Vanilla flavored cupcakes with rainbow frosting and marshmallow clouds.
Prep Time30 minutes
Cook Time16 minutes
Total Time46 minutes
Course: Dessert
Cuisine: American
Keyword: rainbow cupcakes, rainbow frosting, st patrick's day cupcakes, vanilla buttercream, vanilla cupcakes
Servings: 24

Ingredients

For the cupcakes

  • ½ c unsalted butter softened
  • 1 ⅔ c sugar
  • 6 egg whites
  • 1 t vanilla
  • ¼ c oil
  • 1 ¼ c milk
  • ½ t salt
  • 2 ½ t baking powder
  • 2 c flour

For the frosting

  • 1 c unsalted butter softened
  • 1 t vanilla
  • 1 t salt
  • 4 c powdered sugar
  • 3 T milk
  • Food coloring - purple blue, pink, orange, yellow, green
  • Mini marshmallows - to decorate

Instructions

For the cupcakes

  • Preheat the oven to 350 degrees. Prep your muffin tin(s) with liners and set aside.
  • In the bowl of a stand mixer, combine the softened butter and sugar. Cream until smooth.
  • Add in the egg whites, oil and vanilla. Mix well.
  • Add the milk and mix to combine. The mixture may appear curdled - this is normal.
  • Add in the salt, baking powder and flour and mix well. Stop the machine, scrape down the sides and mix again.
  • Measure out the batter and fill each cavity until about ½-⅔ full. Bake in the preheated oven for approximately 14 minutes or until the cupcakes are golden brown and the center is set. Allow the cupcakes to cool completely before decorating.

For the frosting

  • In the bowl of a stand mixer, combine the butter, vanilla, salt and about half of the powdered sugar.
  • Mix on low speed until combined. Add in the remaining powdered sugar and the milk.
  • Mix on low speed until combined. Once combined, bump up the speed to medium for an additional minute until the frosting is fluffy and smooth.
  • Divide the frosting - measure out ½ of a cup for each of the colors.

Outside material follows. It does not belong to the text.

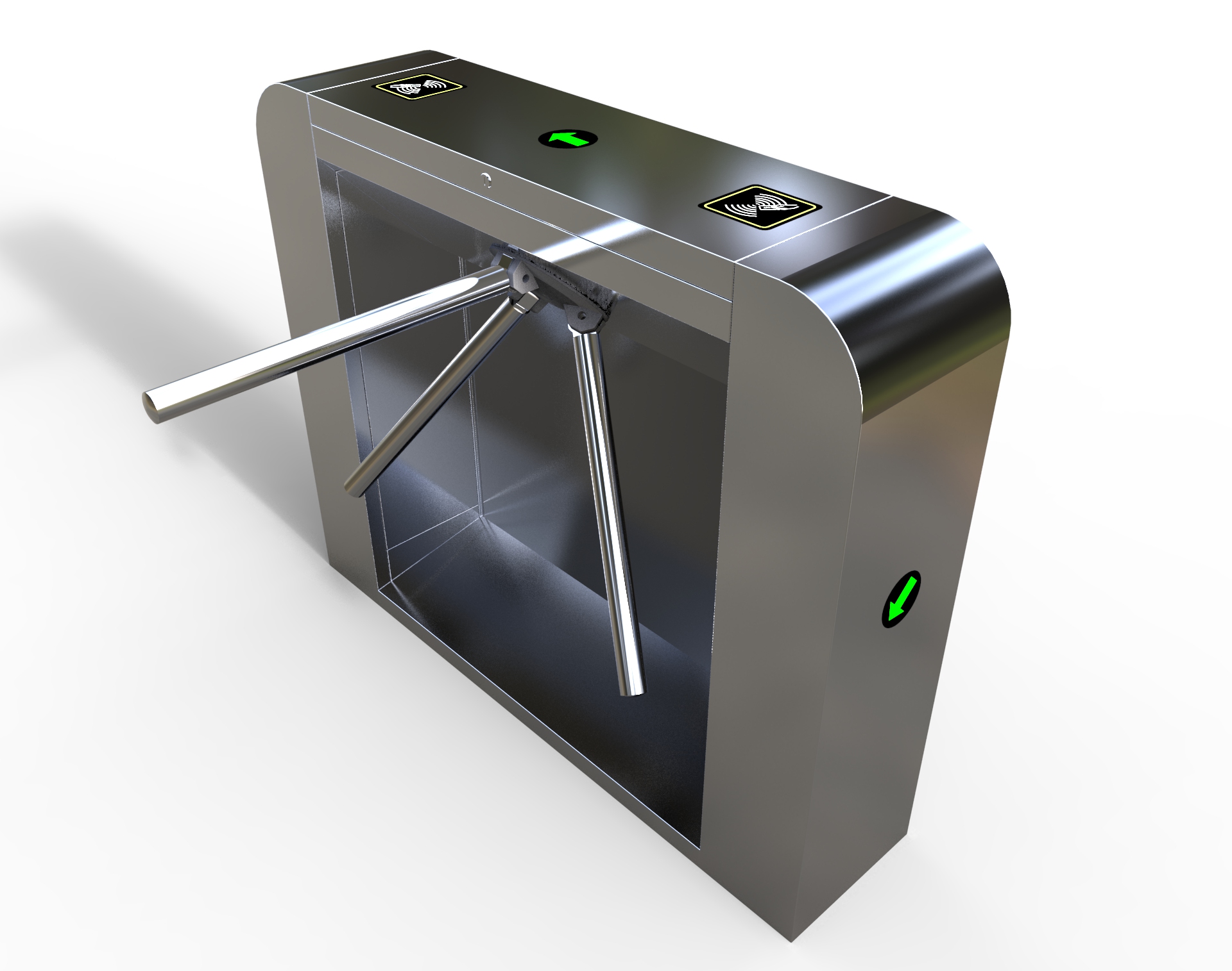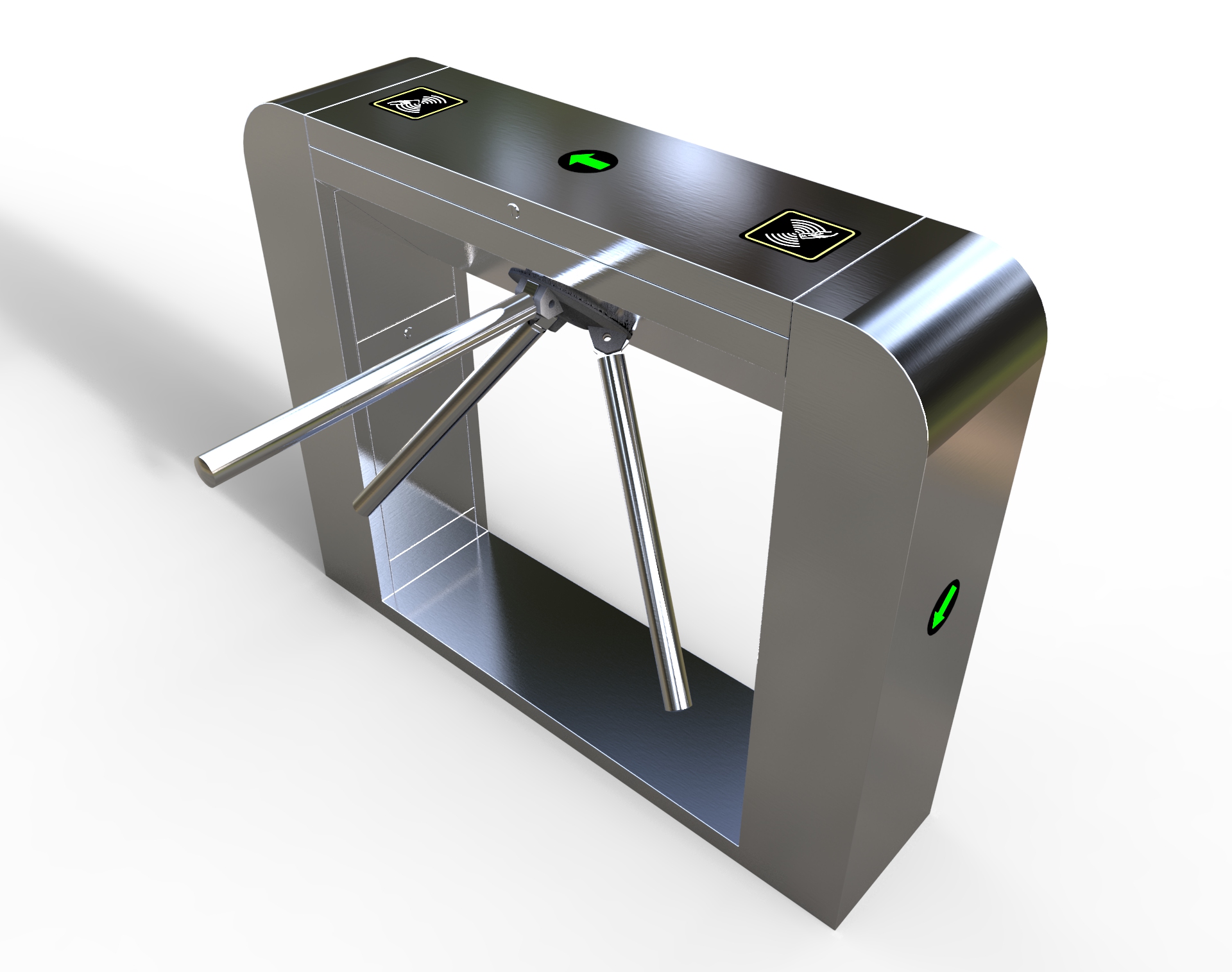 整個三輥閘產(chǎn)品外形采用SUS304不銹鋼板沖壓成型,造型美觀大方,防銹、耐用,能抵抗外力破壞。長方形機箱與通道閘桿構(gòu)成的通道可為出入人員提供有序文明的通行方式,杜絕非法出入,并在緊急情況下快速控制落桿或收桿。

The remaining frosting will stay white and it can be transferred to a piping bag. Tint each of the colors and transfer that frosting to each individual bag.
  • Line out a strip of plastic wrap approximately 18-24 inches long. Pipe each color onto the plastic wrap in rainbow order - purple, blue, green, yellow, orange and then pink.
  • Roll the plastic wrap and coloring frosting so that they overlap. Place the log of frosting into a piping bag fitted with a large star tip.

To decorate

  • Once the cupcakes are cool, pipe a small mound of white frosting onto each cupcake. Use a butter knife or offset spatula to spread and flatten the frosting to the edges.
  • Use the colored frosting bag to create an inverted “U” or horseshoe shape. Twist the piping bag mid squeeze to show all the colors and add dimension.
  • Immediately place the mini marshmallow “clouds” before the frosting crusts over.

Notes

Storage: Cupcakes should be stored in an airtight container in the fridge for up to 3 days or frozen for 3 months.